Given entries START

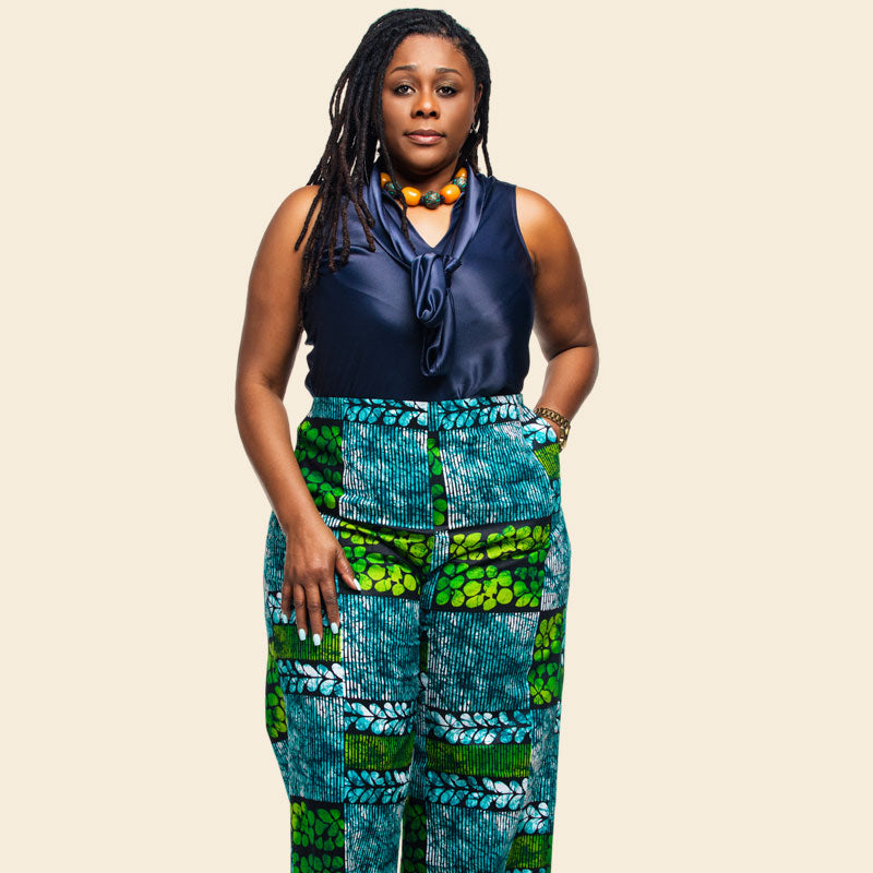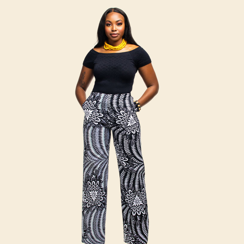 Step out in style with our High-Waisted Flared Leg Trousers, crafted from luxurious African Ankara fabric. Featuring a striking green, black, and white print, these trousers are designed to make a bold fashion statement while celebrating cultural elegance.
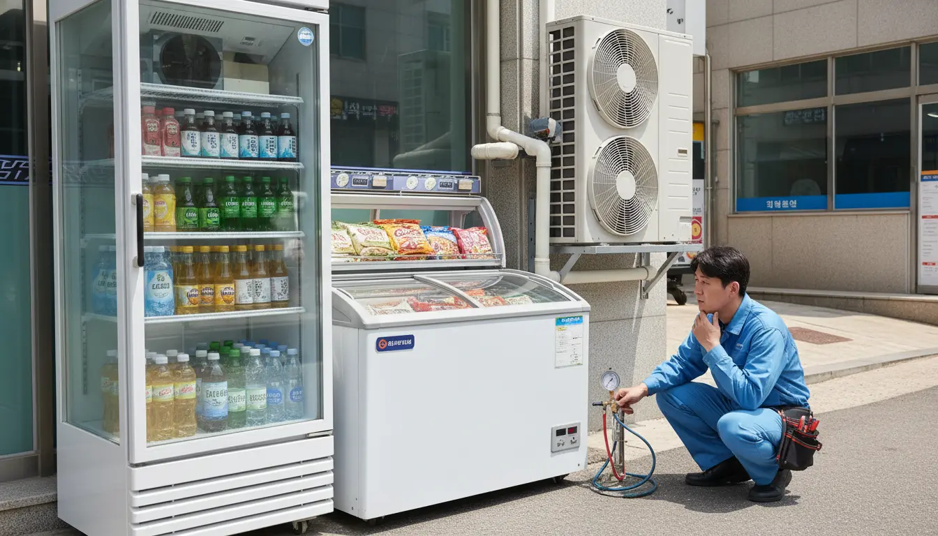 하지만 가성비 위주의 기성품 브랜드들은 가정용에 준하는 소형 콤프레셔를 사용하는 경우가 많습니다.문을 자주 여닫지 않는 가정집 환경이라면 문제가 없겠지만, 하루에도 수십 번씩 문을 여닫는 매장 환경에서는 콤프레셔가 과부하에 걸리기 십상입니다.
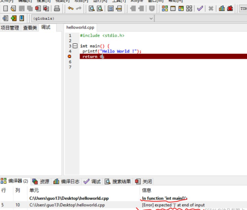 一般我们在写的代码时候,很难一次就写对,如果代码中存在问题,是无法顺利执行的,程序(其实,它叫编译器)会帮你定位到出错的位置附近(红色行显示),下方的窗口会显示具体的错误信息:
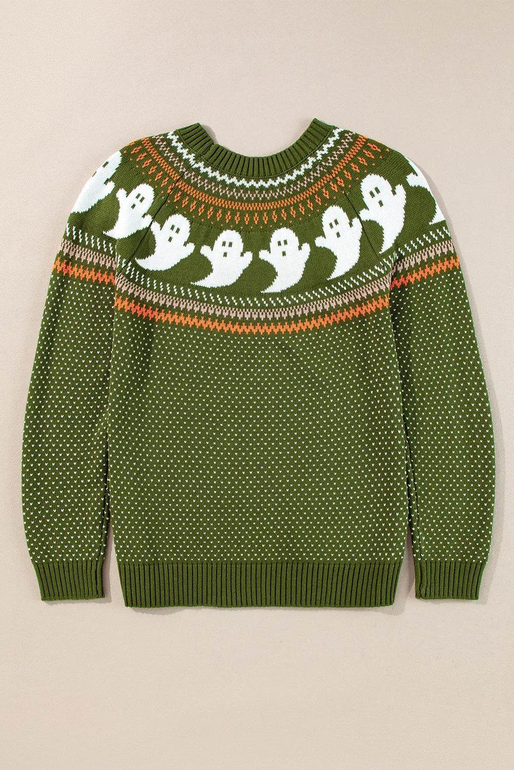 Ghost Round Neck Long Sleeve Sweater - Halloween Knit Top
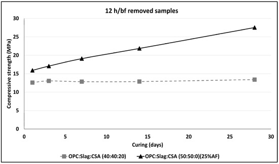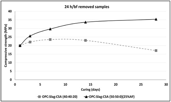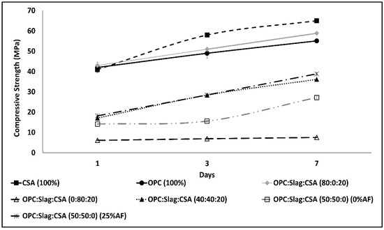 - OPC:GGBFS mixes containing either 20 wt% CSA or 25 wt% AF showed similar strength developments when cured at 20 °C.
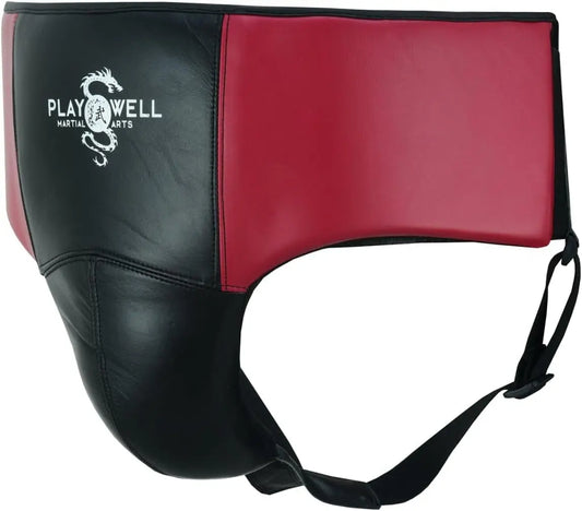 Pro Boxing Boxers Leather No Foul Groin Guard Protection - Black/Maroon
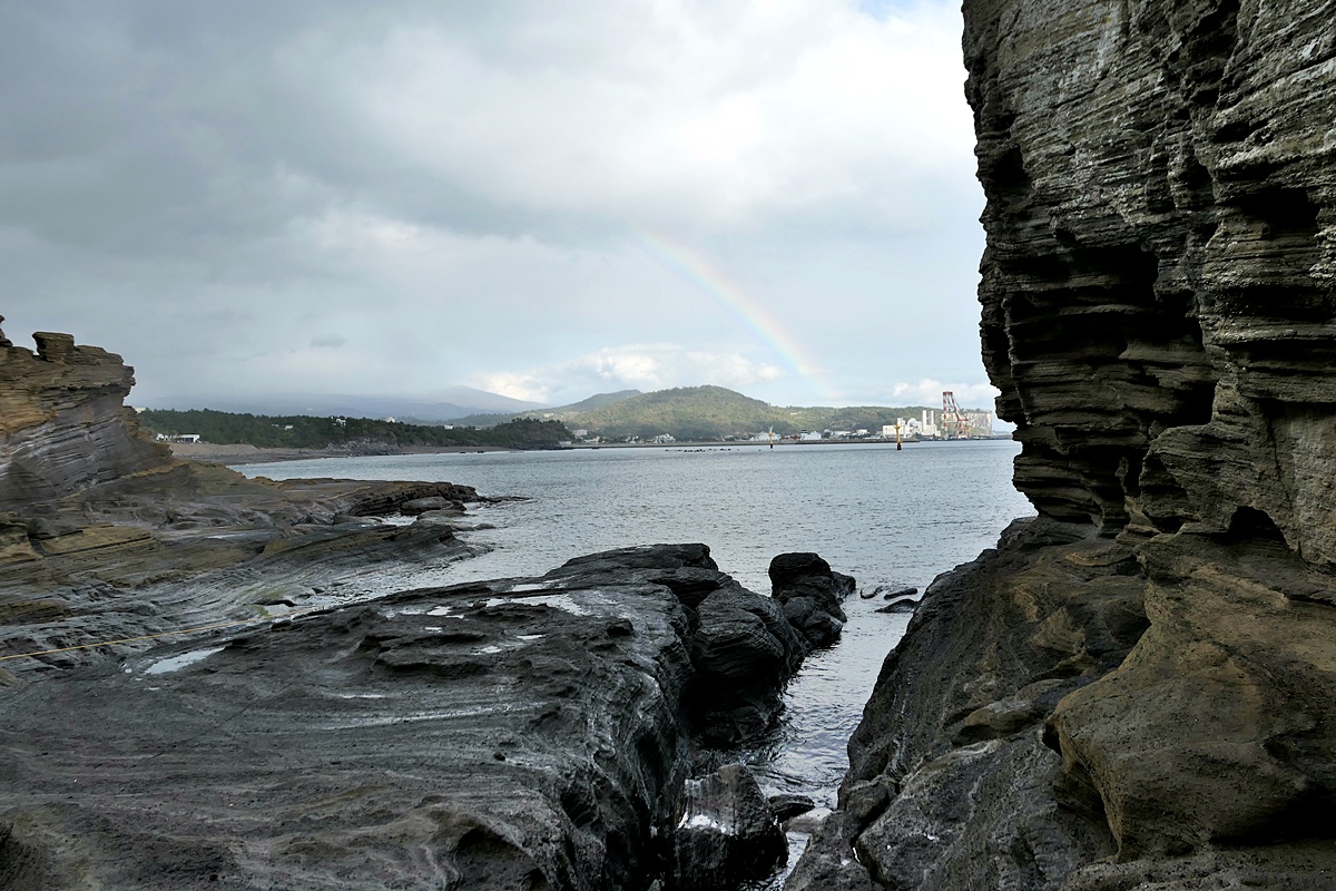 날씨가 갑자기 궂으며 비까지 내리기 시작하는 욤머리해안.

Given entries END

▶ _Task instructions_: Copy exactly what appears from the line holding "- OPC:GGBFS mixes" to the end of the material, keeping both end lines. Pictures are not part of the copy.

▶ _Task response_:
 - OPC:GGBFS mixes containing either 20 wt% CSA or 25 wt% AF showed similar strength developments when cured at 20 °C.
 Pro Boxing Boxers Leather No Foul Groin Guard Protection - Black/Maroon
 날씨가 갑자기 궂으며 비까지 내리기 시작하는 욤머리해안.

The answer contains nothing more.